What I do know is that whilst what we consume clearly influences our health, how and why we consume those foods is powerfully influenced by psychological processes, many out of our awareness.
Psychological factors have an important part to play in the global challenge of feeding the world’s population, in terms of influencing what we eat and are willing to try (fried locusts anyone?), and the amount we consume.
In this post we’ll look at aspects of how our mental processes play a role in how we eat, and look at ways you can use this awareness to eat more in tune with your body.
The Human Appetite System
Along with the development of a huge brain, upright gait, opposable thumbs and whatever else makes us such an amazing species, our gut-brain axis evolved to help us navigate the world to meet our nutrient and energy requirements.
This system is truly awe-inspiring.
Three phases of digestion prepare the body for the arrival of food and optimise breakdown and absorption of nutrients:
— The Cephalic Phase occurs before food enters the stomach (starting in fact before it enters the mouth)
— The Gastric Phase is a period in which swallowed food activates activity in the stomach
— The Intestinal Phase begins in the duodenum as a response to the arriving food and it moderates gastric activity via hormones and nervous reflexes
Messages conveying information from each of these phases pass between the brain and the gut, helping regulate our intake. Subjectively, we experience these as hunger and fullness, and degrees of pleasure.
As infants, our appetite was largely regulated by these automatic brain-gut messages. As our perceptual, cognitive and affective processes developed, so did the factors that influenced our food choices, and how we ate.
I can’t do justice here to the complexity of the psychology of eating, but I can outline some of the functions the mind plays in how we eat.

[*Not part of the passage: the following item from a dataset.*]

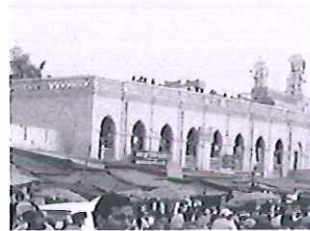
Fig 2 a

Psychological influences on our eating
Eating is above all, a sensory experience. Our perception of what we’re eating and what’s happening inside us, plays a powerful role in the amount we eat, and the degree of satiety we experience.
- Interoceptive awareness
Neuronal signals from mechanoreceptors in the stomach wall signal the level of distension produced by the volume of food we are eating. This creates one type of fullness signal, and one that changes with successive mouthfuls.
Slower hormonal feedback which begins in the stomach continues into the duodenum and beyond, producing a second slower wave of feelings of fullness, as qualitative information about what has been ingested arrives in the brain*.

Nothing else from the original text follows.